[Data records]
__________

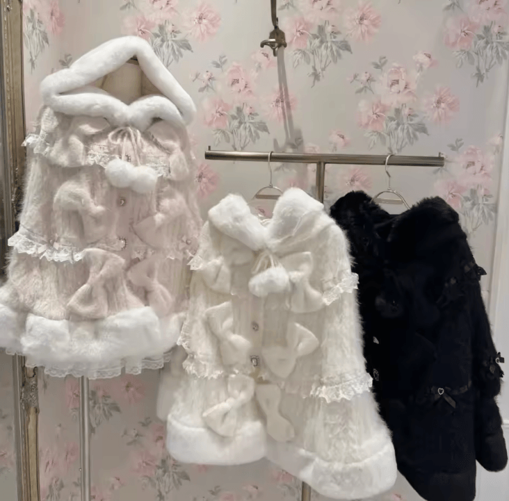One Size Japanese Big Ribbon Hooded Knitted Cloak Poncho Soft Double Layer Womens Winter Cape Jacket pink
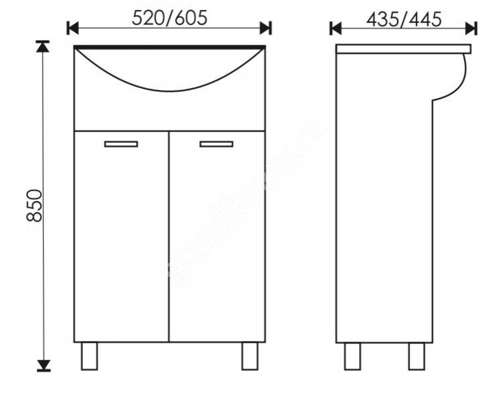 ---Тумба 500 мм напольная Ника белая с раковиной Уют 50 EVAGOLD
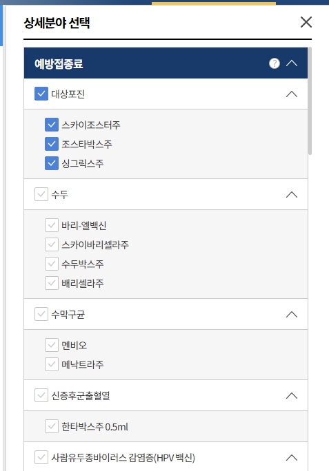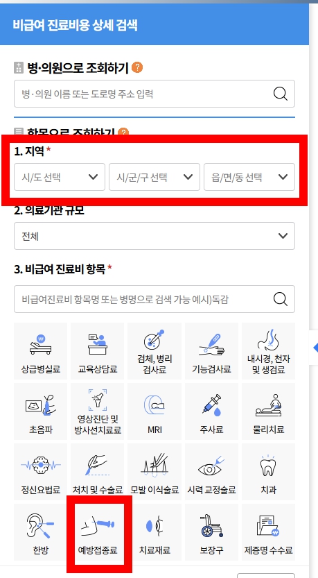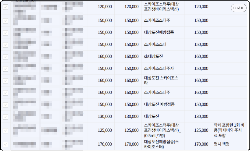 건강보험 심사평가원> 비급여 진료비용 정보 > 비급여 진료비용 상세검색 > 예방접종 > 대상포진
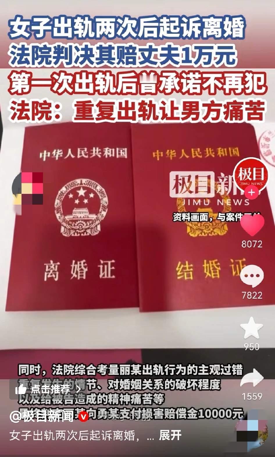 湖北利川发生一起离婚纠纷,涉事女子在与丈夫的婚姻关系存续期间,先后两次与他人发生
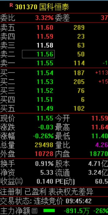 $国科恒泰(SZ301370)$ 主力撤退明显。
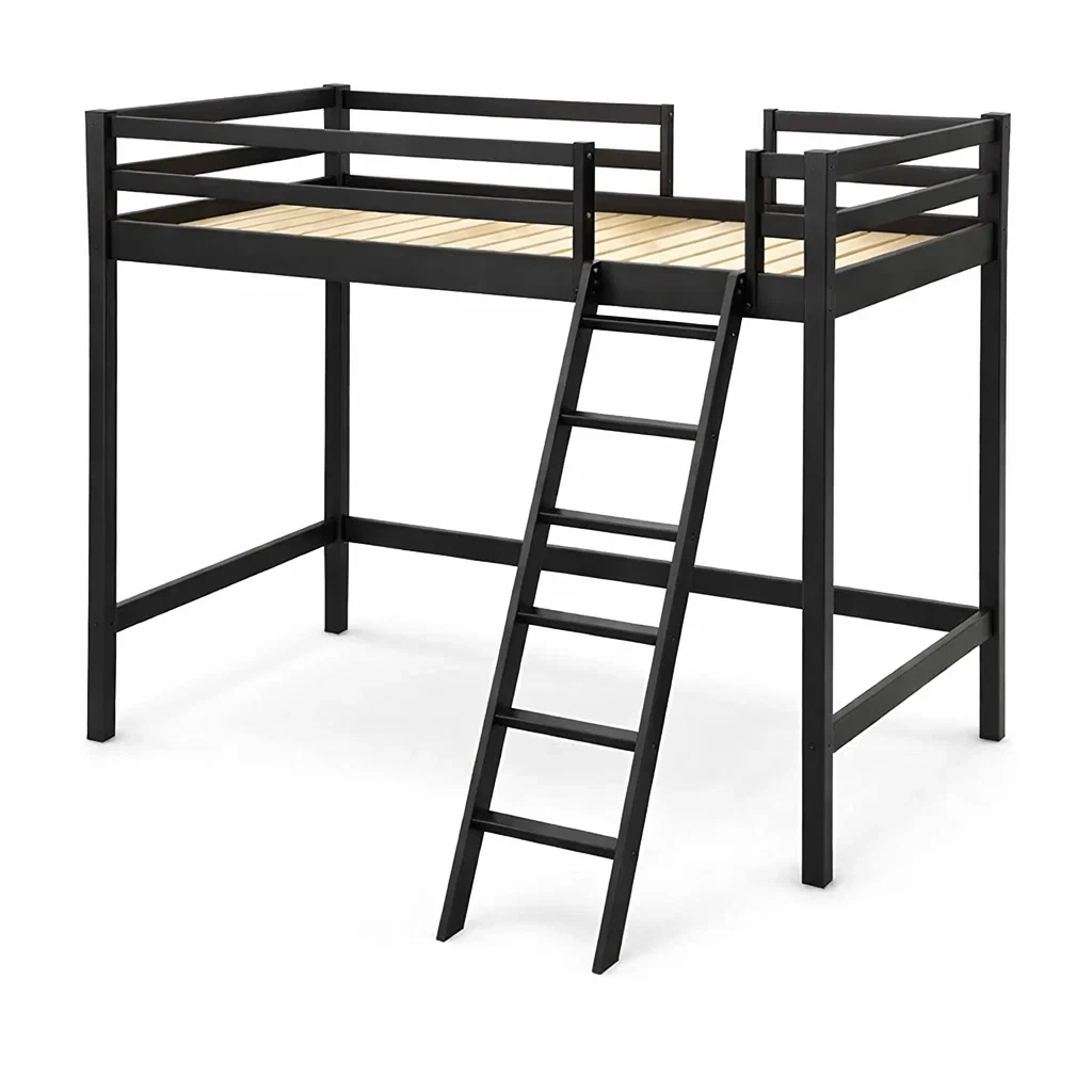 Hochbett metall mit holzlatten schwarz 198 x 142 x 172 cm
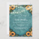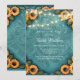 Elegant teal tooled leather design with a bright sunflower border and embossed scrollwork centre, and with a bright string of lights. Perfect for rustic, western, or boho-themed invitations, accessories, and party supplies.

__________

WHAT TO WORK ON » Using the records above, output an exact copy without any pictures.

RESULT »
One Size Japanese Big Ribbon Hooded Knitted Cloak Poncho Soft Double Layer Womens Winter Cape Jacket pink
 ---Тумба 500 мм напольная Ника белая с раковиной Уют 50 EVAGOLD
 건강보험 심사평가원> 비급여 진료비용 정보 > 비급여 진료비용 상세검색 > 예방접종 > 대상포진
 湖北利川发生一起离婚纠纷,涉事女子在与丈夫的婚姻关系存续期间,先后两次与他人发生
 $国科恒泰(SZ301370)$ 主力撤退明显。
 Hochbett metall mit holzlatten schwarz 198 x 142 x 172 cm
 Elegant teal tooled leather design with a bright sunflower border and embossed scrollwork centre, and with a bright string of lights. Perfect for rustic, western, or boho-themed invitations, accessories, and party supplies.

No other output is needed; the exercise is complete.